What Are Some of the Barriers to Using Public Sector Data For Analytics?

  • Records are often only recorded on paper
  • Records are digitised, but in hard-to-analyse formats like PDF files
  • Data is recorded inconsistently
  • Records about the same person or thing lack a common unique identifier
  • Records are unknowingly duplicated

Analytics Blogs

Here’s five data and analytics trends we expect to see more of in public sector analytics:

  1. Internet of Things (IoT)

IoT allows organisations to connect and integrate data from various devices, and automatically apply analytics to them, reducing time to action, and improving understanding of what interventions will help service users.

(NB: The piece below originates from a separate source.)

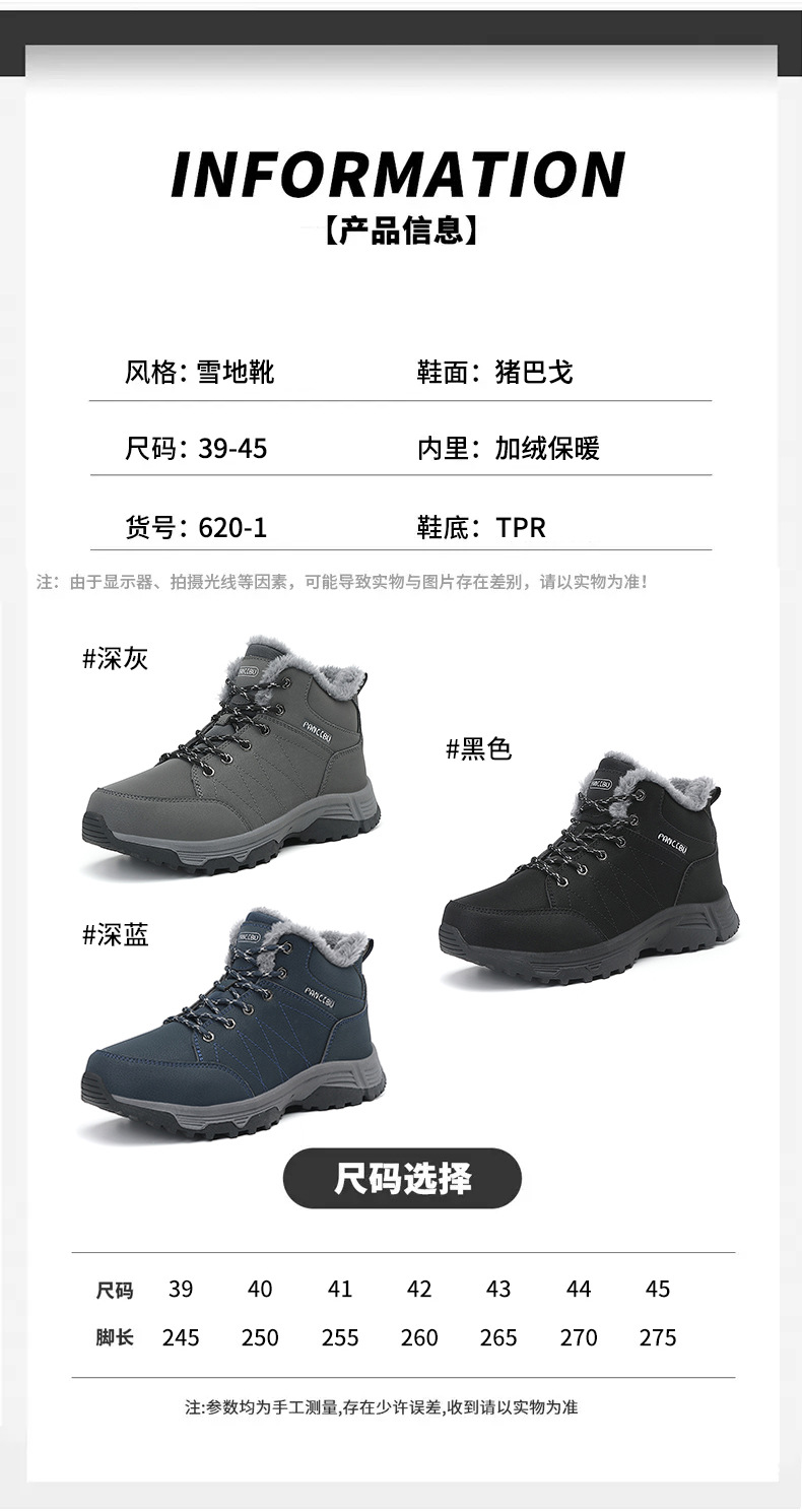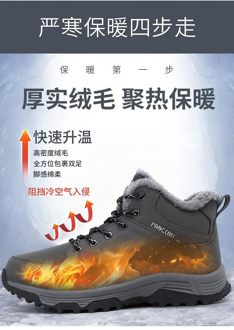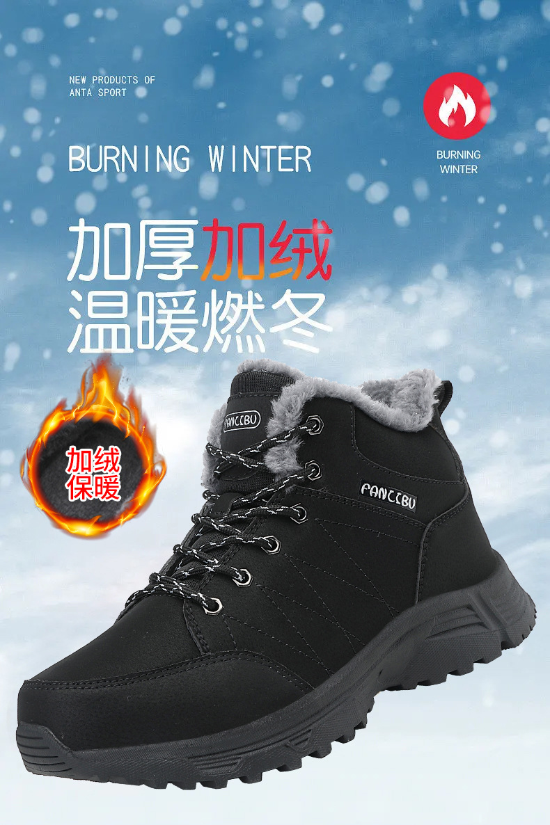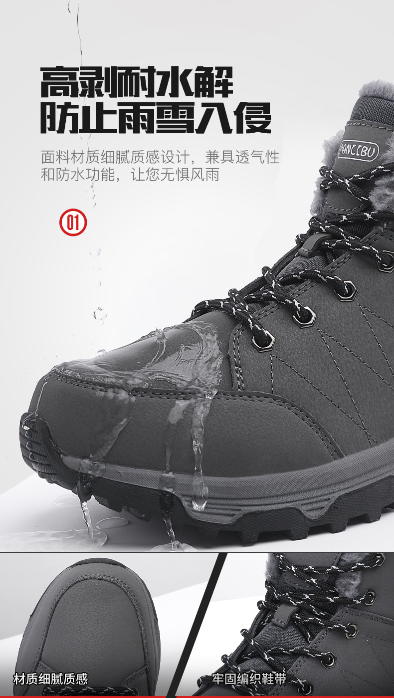 남성용 겨울 스포츠 야외 스노우 부츠 기모 따뜻한 코튼 신발 방풍 레이스 업 착용 방지 야외 등산 신발스토어 가기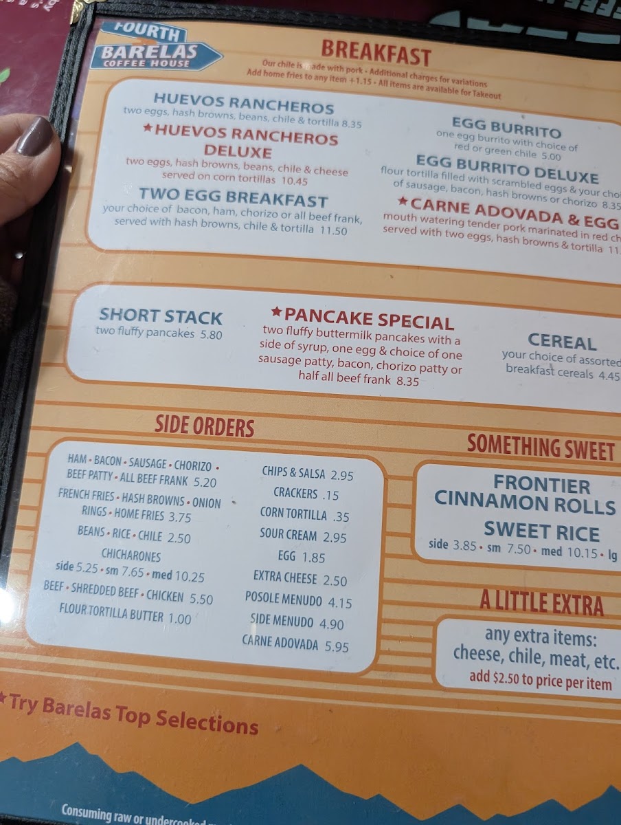 - Breakfast Entrees: Including classic items such as Huevos Rancheros, Egg Burritos (both basic and deluxe versions), and plates featuring Carne Adovada with eggs and hash browns. These offerings often incorporate local staples like beans, chile, and tortillas.

With significant use of personal devices such as smartwatches that collect medical data, analysts can assess patients’ risk of health decline in real time.

  1. Predictive Analytics

Organisations can embed predictive algorithms to forecast demand and provide an evidence base to understand where and when to best deploy resources to optimise outcomes and maximise return on investment.

  1. Augmented analytics

Augmented analytics can generate the insights needed for evidence-based decision-making at all levels across organisations. Powered by Machine Learning (ML) and Artificial Intelligence (AI), augmented analytics can provide real-time, easily consumable data and contextual suggestions for relevant insights.

  1. Synthetic data

Synthetic data is artificially generated by computer programmes and algorithms instead of real-world events. This has the significant benefit of eradicating any personally identifiable data, meaning organisations will use it to undertake advanced analysis and enhanced simulation modelling on datasets without having to overcome data protection and information governance constraints.

  1. Conversational AI and Natural Language Processing

Natural Language Processing (NLP) and Conversational AI enable organisations to easily analyse any unstructured text data for trends and insights that are hard to notice with the human eye.